Case reportBrain involvement in Charcot-Marie-Tooth disease due to ganglioside-induced differentiation associated-protein 1 mutation

- We describe a child with autosomal recessive early onset Charcot-Marie-Tooth disease due to GDAP1 mutation.
- In this article we describe cerebellar and middle cerebellar peduncle MRI abnormality in GDAP1 associated CMT.
- GDAP1 is a mitochondrial membrane protein involved in the mitochondrial fission.

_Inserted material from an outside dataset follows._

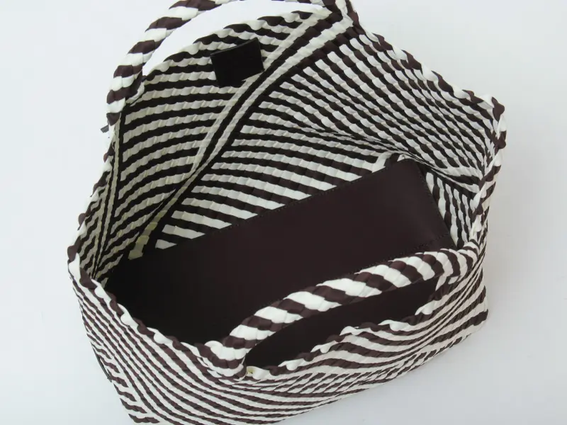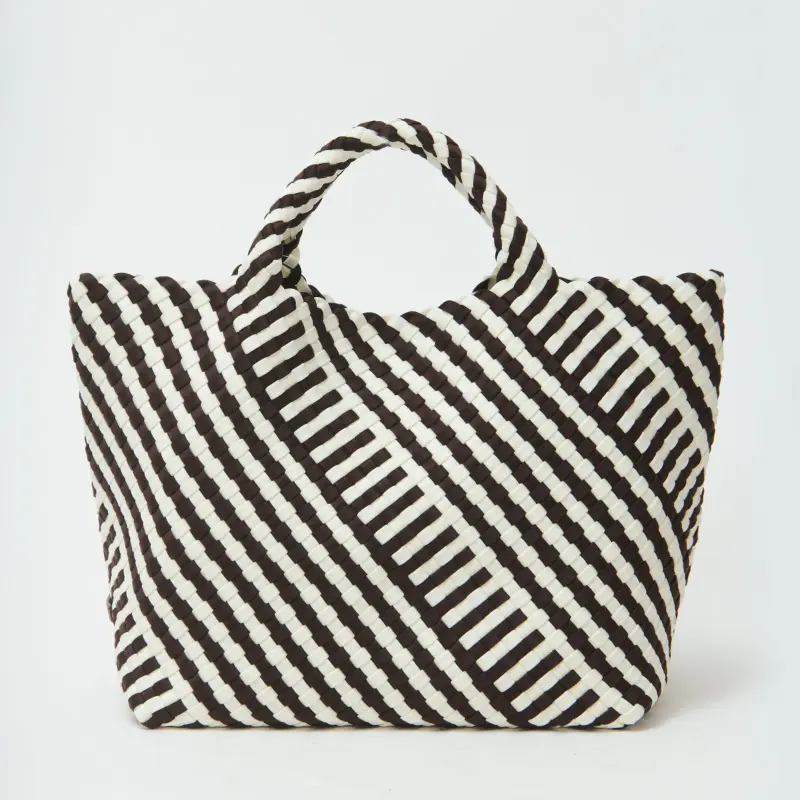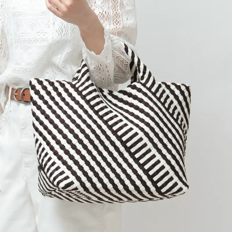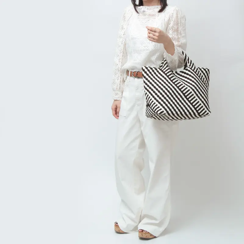 軽量で耐久性に優れた弾力のある高密度フォーム素材を使用したNY発のバッグブランド「NAGHEDI(ナゲティ)」。 2色使ったメッシュデザインのストライプ柄がスタイリングにアクセントを効かせてくれます。A4サイズがゆったり収まる大容量サイズで、 お仕事からデイリーまで幅広く活躍してくれるトートバッグです。

Charcot-Marie-Tooth (CMT) due to ganglioside-induced differentiation associated-protein 1 (GDAP1) gene mutation can be inherited as an autosomal recessive (severe phenotype) or dominant (milder phenotype) disorder. GDAP1 protein, located in the outer mitochondrial membrane, is involved in the mitochondrial fission. Brain imaging abnormalities have not been reported in this condition. We described an 8-year-old boy who had an early onset autosomal recessive neuropathy. Whole exome sequencing revealed compound heterozygous mutations in the GDAP1 gene: c.313_313delA, p.Arg105Glufs*3 - a novel mutation (maternally inherited) and c.358C>T, pR120W - a known pathogenic mutation (paternally inherited). He had abnormal brain MRI findings since infancy localized to the middle cerebellar peduncles and cerebellar white matter with sparing of the supratentorial brain. We speculate that GDAP1 protein due to its widespread distribution and mitochondrial location is responsible for these imaging abnormalities. This report expands the spectrum of brain imaging abnormalities seen in different types of CMT.